Work to complete
Beginning with the line that holds "Dorrigo National Park" and ending with the last line below, please copy every line exactly, add nothing, and leave out the pictures.

Information START

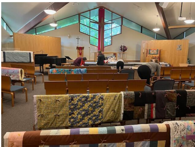
Packing up the quilts and kits.
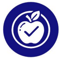
Material complies with FDA for contact with food
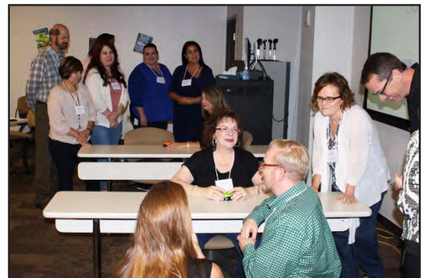
Talking about my generation - The retreat included some friendly competition among the Office leadership on generational knowledge.
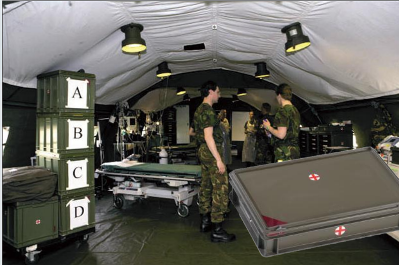
Normboxes in a field hospital. Not only for bandages, but also for bottles of nitrous oxide.

Field hospitals and medical support also require a significant amount of packaging. During peacetime, we build up our stock. When needed, bandages, medicine, and anaesthetics must arrive at the scene in large quantities, in good condition and easily accessible. Once again, Engels Group boasts a wealth of experience. This page showcases a selection of projects from our portfolio.
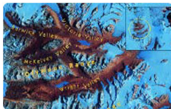
Example of the available satellite image maps of the Antarctica, especially McMurdo Sound region of the Transantarctic Mountains, produced mostly from Landsat thematic mapper and SPOT imagery.
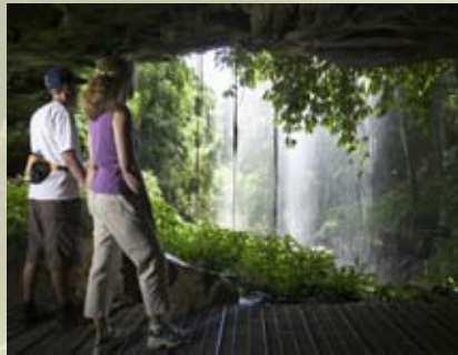
◀ Crystal Shower Falls veils lush rainforest along Wonga Walk in Dorrigo National Park

Catbirds will trick you with their calls and colourful fungi charm you. Walk with the Birds boardwalk provides a great vantage point to study birdlife and two splashing waterfalls provide delightful sunlit resting spots.
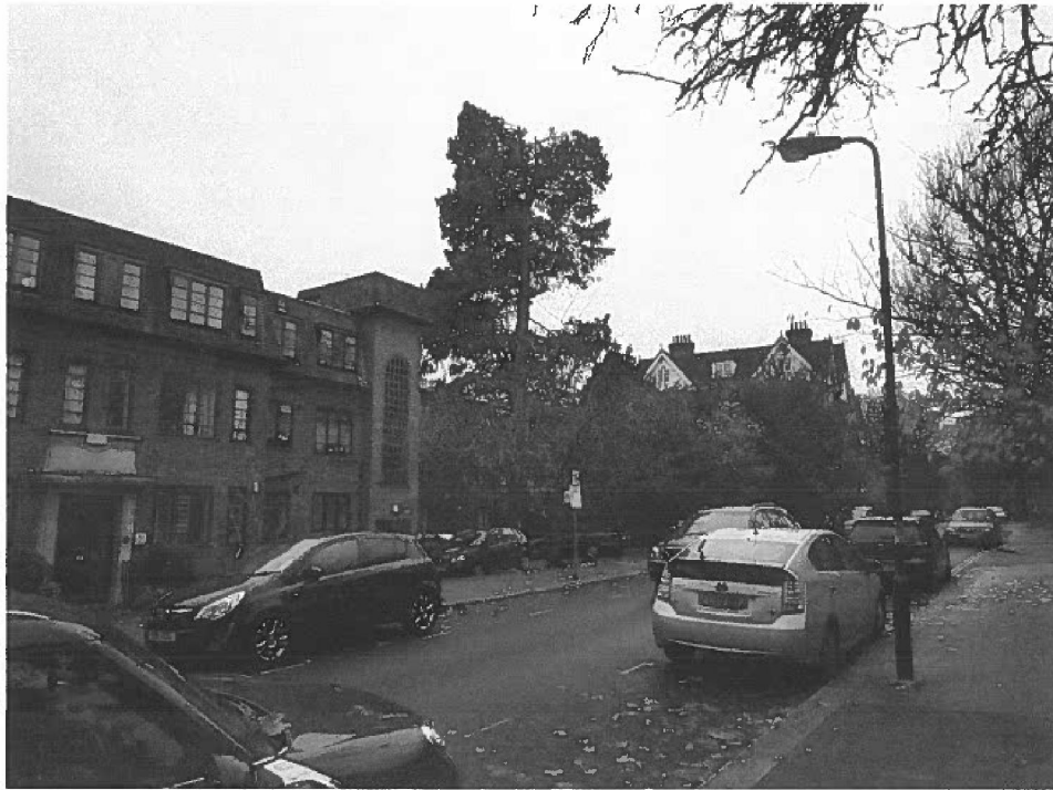
View of the tree from Wedderburn Road
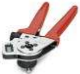
Crimping pliers with digital display

Crimping pliers with digital display - SF-Z0026 - 1607454
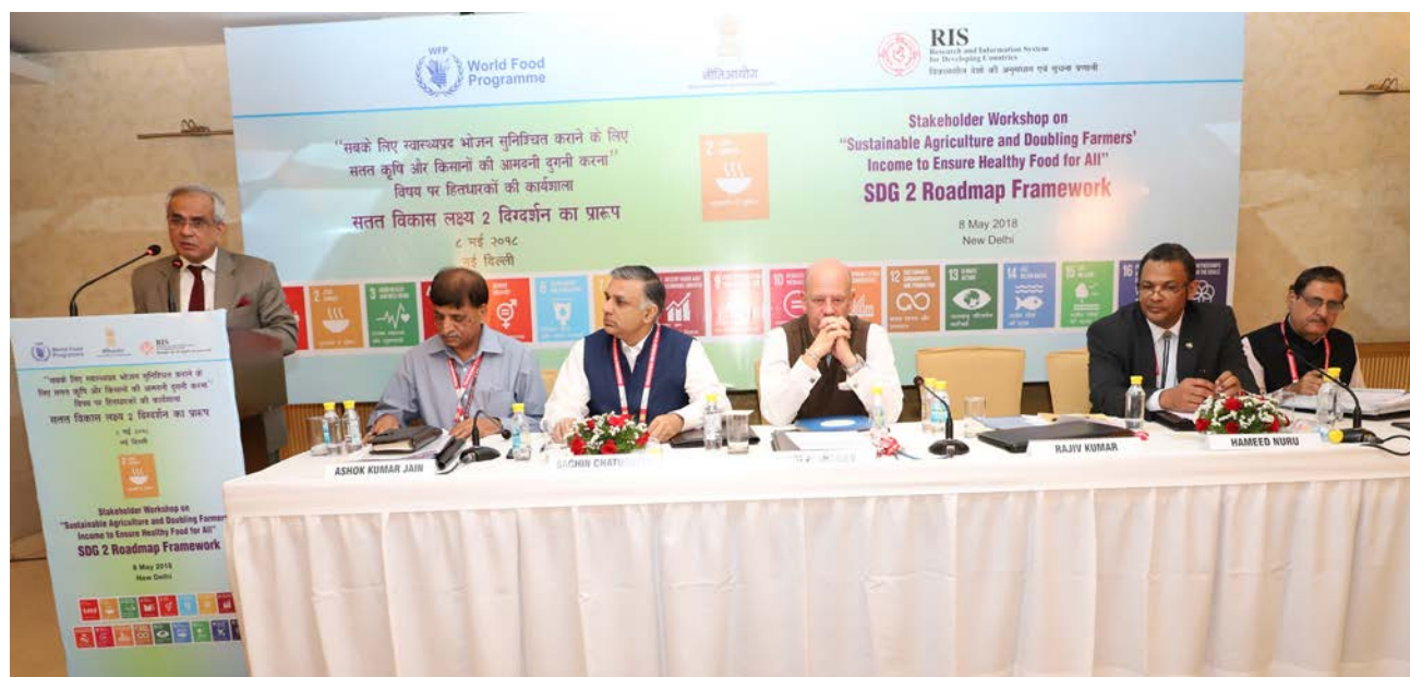
Dr Rajiv Kumar, Vice-Chairman, NITI Aayog, Government of India, delivering the keynote address.

Information END

Solution for this task
◀ Crystal Shower Falls veils lush rainforest along Wonga Walk in Dorrigo National Park

Catbirds will trick you with their calls and colourful fungi charm you. Walk with the Birds boardwalk provides a great vantage point to study birdlife and two splashing waterfalls provide delightful sunlit resting spots.
View of the tree from Wedderburn Road
Crimping pliers with digital display

Crimping pliers with digital display - SF-Z0026 - 1607454
Dr Rajiv Kumar, Vice-Chairman, NITI Aayog, Government of India, delivering the keynote address.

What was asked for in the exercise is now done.